Segment Start: Given information

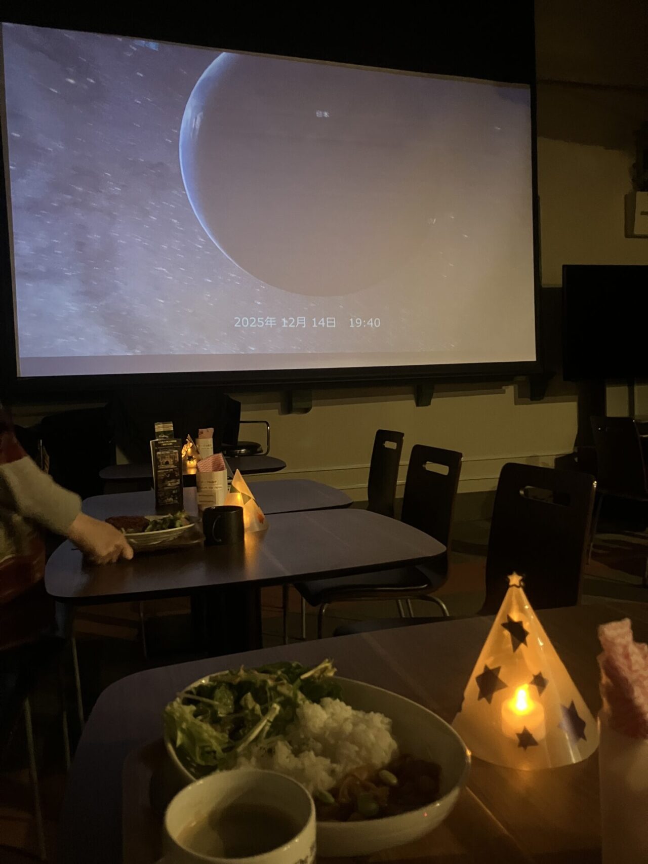 2025年12月14日、北海道大学総合博物館に併設されたミュージアムカフェぽらすでは、「宙カフェ」と題して、この日限定で一部のスペースを暗転し、博物館4Dシアターボランティアの方々によるプラネタリウムが上映されました。
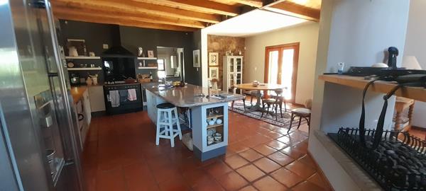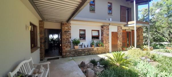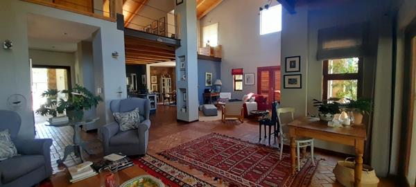 This classic, architect designed 2-storey house on top of a hill in the Crocodile River Reserve is full of character. Its style is Italian Chateau, timeless, calm, and stately. The house, cottage and offices are surrounded by lush, landscaped gardens. The interior is terracotta tiled throughout and the living area is open plan.
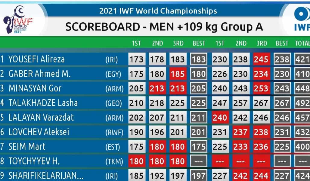 Ծանրքաշային Վարազդատ Լալայանը երկամարտի 457 կգ արդյունքով (211+246) գրավեց 2-րդ տեղը և դարձավ աշխարհի փոխչեմպիոն։ Գոռ Մինասյանը 448 կգ արդյունքով (205+243) եզրափակեց առաջին եռյակը և բավարարվեց բրոնզե մեդալով։

Segment End: Given information

■ What to do ■
The expected answer is the line with "This classic, architect" followed by every remaining line of the listing, each restated exactly, with all pictures dropped.

■ Solution to the exercise ■
 This classic, architect designed 2-storey house on top of a hill in the Crocodile River Reserve is full of character. Its style is Italian Chateau, timeless, calm, and stately. The house, cottage and offices are surrounded by lush, landscaped gardens. The interior is terracotta tiled throughout and the living area is open plan.
 Ծանրքաշային Վարազդատ Լալայանը երկամարտի 457 կգ արդյունքով (211+246) գրավեց 2-րդ տեղը և դարձավ աշխարհի փոխչեմպիոն։ Գոռ Մինասյանը 448 կգ արդյունքով (205+243) եզրափակեց առաջին եռյակը և բավարարվեց բրոնզե մեդալով։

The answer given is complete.